What to do: What is needed is an exact copy of every entry, without the pictures.

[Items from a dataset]
------------------------------

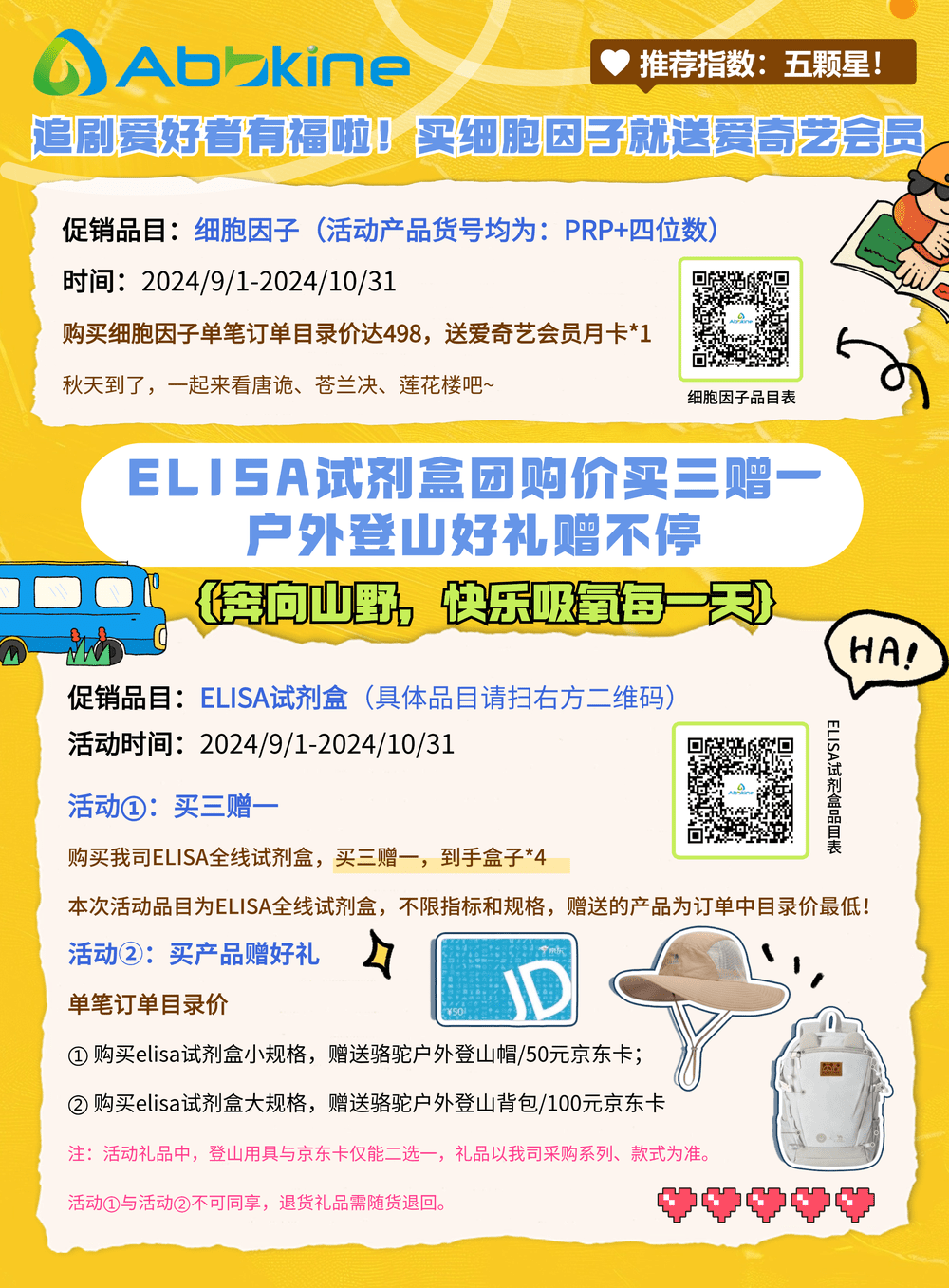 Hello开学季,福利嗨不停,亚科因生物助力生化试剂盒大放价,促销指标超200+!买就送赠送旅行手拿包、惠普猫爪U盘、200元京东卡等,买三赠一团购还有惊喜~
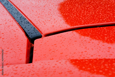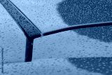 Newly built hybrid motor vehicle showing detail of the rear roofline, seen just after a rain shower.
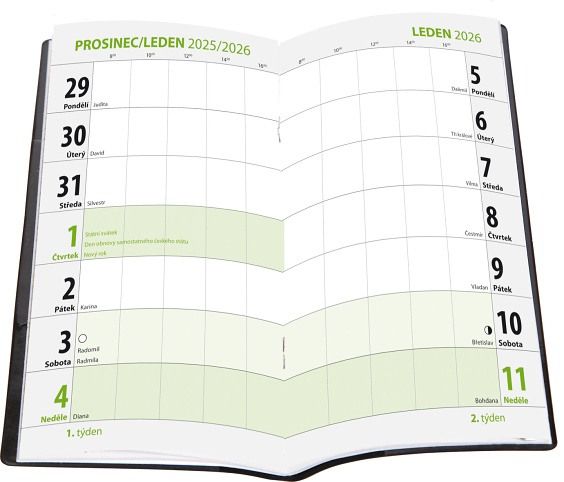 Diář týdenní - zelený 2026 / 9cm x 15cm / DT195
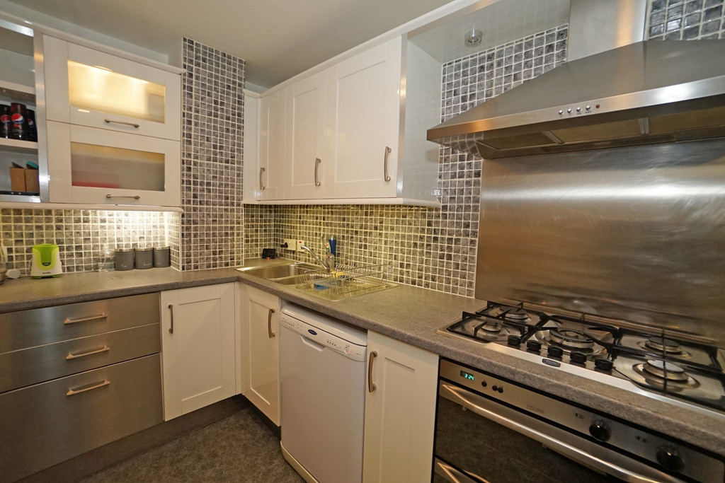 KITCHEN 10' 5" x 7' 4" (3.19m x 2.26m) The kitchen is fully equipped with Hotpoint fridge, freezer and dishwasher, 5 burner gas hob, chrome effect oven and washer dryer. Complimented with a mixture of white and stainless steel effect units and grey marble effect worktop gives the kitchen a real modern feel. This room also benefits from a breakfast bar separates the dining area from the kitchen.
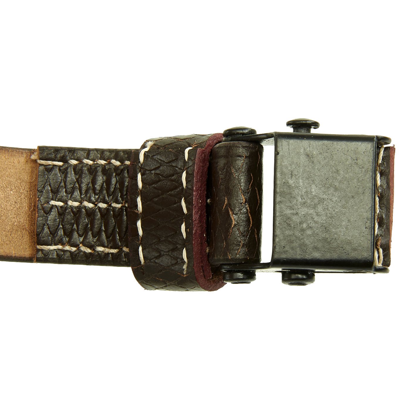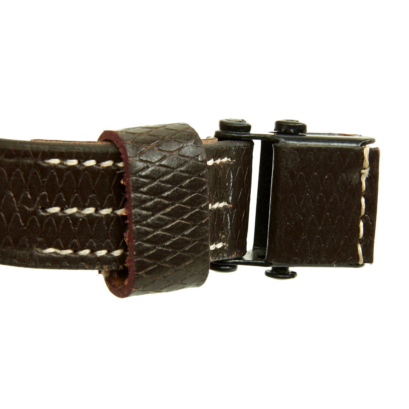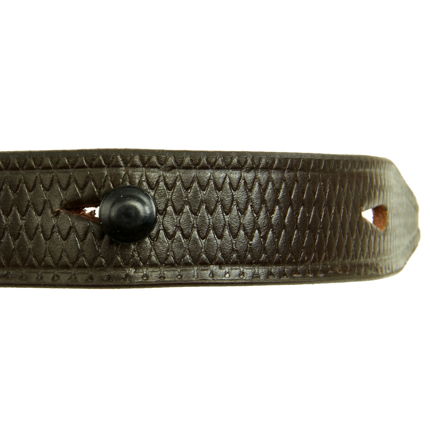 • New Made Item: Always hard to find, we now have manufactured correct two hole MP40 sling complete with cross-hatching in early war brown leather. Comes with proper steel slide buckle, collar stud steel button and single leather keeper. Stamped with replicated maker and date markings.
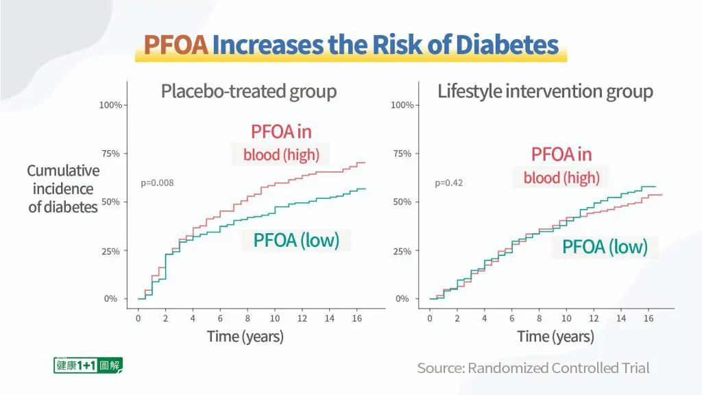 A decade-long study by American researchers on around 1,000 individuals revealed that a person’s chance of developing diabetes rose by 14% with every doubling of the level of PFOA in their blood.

------------------------------

Response to the task:
 Hello开学季,福利嗨不停,亚科因生物助力生化试剂盒大放价,促销指标超200+!买就送赠送旅行手拿包、惠普猫爪U盘、200元京东卡等,买三赠一团购还有惊喜~
 Newly built hybrid motor vehicle showing detail of the rear roofline, seen just after a rain shower.
 Diář týdenní - zelený 2026 / 9cm x 15cm / DT195
 KITCHEN 10' 5" x 7' 4" (3.19m x 2.26m) The kitchen is fully equipped with Hotpoint fridge, freezer and dishwasher, 5 burner gas hob, chrome effect oven and washer dryer. Complimented with a mixture of white and stainless steel effect units and grey marble effect worktop gives the kitchen a real modern feel. This room also benefits from a breakfast bar separates the dining area from the kitchen.
 • New Made Item: Always hard to find, we now have manufactured correct two hole MP40 sling complete with cross-hatching in early war brown leather. Comes with proper steel slide buckle, collar stud steel button and single leather keeper. Stamped with replicated maker and date markings.
 A decade-long study by American researchers on around 1,000 individuals revealed that a person’s chance of developing diabetes rose by 14% with every doubling of the level of PFOA in their blood.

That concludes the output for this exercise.